They are the same thing, using a bot to increase the coverage of wikipedia by auto suggesting articles from databases, exposing the systemic bias argument as a mere makeweight for making changes that go further than just correcting bias in geo-projects, despite the fact no one has an effective argument on whether this supposed bias is a good or bad thing presently, or if it is a priority to fix quickly with bots, or just another facet of the encyclopoedia that anyone can edit, which will improve as we move towards the deadline. MickMacNee (talk) 16:47, 6 June 2008 (UTC)
To address the concern that stubs will never be improved/expanded, can the bot be allowed only if the related-country project has atleast 10 members with 500 edits (or more) and have been active in the last 6 months. This way the project will have to invite/establish members first before requesting a bot-run. Thoughts? Regards, Ganeshk (talk) 23:20, 6 June 2008 (UTC)
Doesn't even approach the inherent problem (pardon the pun). How about it can only be used if all members of the project take an oath that they will never attempt to claim that geographic locations are inherently notable, and will only use the bot to create articles about places that have been examined directly and in detail in multiple independent third-party sources? Kww (talk) 00:04, 7 June 2008 (UTC)
Uh, while we're at it, why don't we make them take an oath that they are not and never have been a member of the Communist Party? They can claim whatever they want.--Prosfilaes (talk) 01:48, 7 June 2008 (UTC)
I'm not sure if my point flew right past you or your point flew right past me, so I'll repeat without sarcasm: the chief problem with this bot is that will be used by people that have declared their topic area exempt from any need to prove notability.Kww (talk) 02:44, 7 June 2008 (UTC)
Are these people who, somehow, have failed to figure out how to create new articles? If they create non-notable articles, you put them up for AfD. People creating lots of non-notable articles is a problem that the community knows how to deal with.--Prosfilaes (talk) 03:56, 7 June 2008 (UTC)
One of the tiny places in Category:Villages in Botswana was put ujp for Afd, and speedy kept after about 3 votes as 'all places are notable'. I'll leave you to find which one it was. MickMacNee (talk) 11:53, 7 June 2008 (UTC)
So what you're saying is that consensus is that these articles are notable. Change that, and then AfD will clear them out. So long as that consensus stands, then the subject of the article is notable.--Prosfilaes (talk) 23:46, 7 June 2008 (UTC)
10 members? Each project could get potentially thousands of new articles. This is my main issue with creating articles en masse like this. It takes a few seconds for the bot to create them, but adding meaningful content (something other than statistics and other numbers) can take quite a while, gathering sources that may only apply for one article and writing actual prose. If the project gets as few as 1000 articles, and each takes 20 minutes to expand (meaningful expansion), each of those 10 members is going to have to spend more than 30 hours expanding. Mr.Z-man 03:19, 7 June 2008 (UTC)

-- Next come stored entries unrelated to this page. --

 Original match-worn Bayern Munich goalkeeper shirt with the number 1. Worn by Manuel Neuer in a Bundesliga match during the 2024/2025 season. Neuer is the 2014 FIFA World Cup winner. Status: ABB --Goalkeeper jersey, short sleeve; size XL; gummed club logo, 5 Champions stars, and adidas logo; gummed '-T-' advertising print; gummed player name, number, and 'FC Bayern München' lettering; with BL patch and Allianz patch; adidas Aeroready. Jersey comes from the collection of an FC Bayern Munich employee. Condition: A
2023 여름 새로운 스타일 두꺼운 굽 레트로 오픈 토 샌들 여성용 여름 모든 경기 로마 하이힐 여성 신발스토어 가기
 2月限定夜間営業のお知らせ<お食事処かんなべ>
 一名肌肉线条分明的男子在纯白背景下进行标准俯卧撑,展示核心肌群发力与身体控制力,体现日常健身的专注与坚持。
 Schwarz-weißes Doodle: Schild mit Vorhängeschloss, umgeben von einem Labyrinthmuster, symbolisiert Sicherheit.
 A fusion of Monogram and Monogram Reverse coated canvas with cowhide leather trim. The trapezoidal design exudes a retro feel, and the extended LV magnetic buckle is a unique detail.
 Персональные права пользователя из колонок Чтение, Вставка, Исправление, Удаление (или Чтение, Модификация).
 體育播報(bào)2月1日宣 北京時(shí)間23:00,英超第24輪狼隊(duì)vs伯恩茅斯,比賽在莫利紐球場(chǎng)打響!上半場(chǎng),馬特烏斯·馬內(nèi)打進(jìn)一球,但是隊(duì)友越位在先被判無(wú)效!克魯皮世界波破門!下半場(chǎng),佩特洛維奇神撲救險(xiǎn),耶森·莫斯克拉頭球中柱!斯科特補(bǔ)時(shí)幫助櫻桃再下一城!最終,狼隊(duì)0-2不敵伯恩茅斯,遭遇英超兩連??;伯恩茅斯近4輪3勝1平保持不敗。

  • Actually, Prosfilaes, the community has proven that it cannot deal with massive quantities of articles generated by people that don't recognize that their articles aren't about notable things. Just look at the massive problems in dealing with television episode articles ... twice through arbcom, and so far, the only editors to be punished are the editors that are trying to stem the flood. I really think that it is important to prevent this problem, rather than try and fix it after it has expanded even futher than it already has. Kww (talk) 12:10, 7 June 2008 (UTC)
  • Look at television episode articles; it's completely appalling how hard it is to delete articles that are verifiable and of interest to our audience. Articles which the community agrees aren't about notable things disappear quite quickly; it's just that things which the community doesn't agree on are a lot harder to delete. If someone made articles for every garage band in Oklahoma, AfD would quickly clean them up.--Prosfilaes (talk) 23:46, 7 June 2008 (UTC)

Systemic bias?

I have to say that I'm not following the "systemic bias" angle on this. It seems far more likely that if there is any such bias lurking about (which I'm a bit dubious about anyway), michanical and quantity creation is simply going to fulfill the definition of a computer as "a device for the amplification of human error". We're simply going to favor the bias of whatever source it is that we use for the data, except amplified in numbers and made hard to combat because of "garbage in, gospel out." Mangoe (talk) 21:30, 5 June 2008 (UTC)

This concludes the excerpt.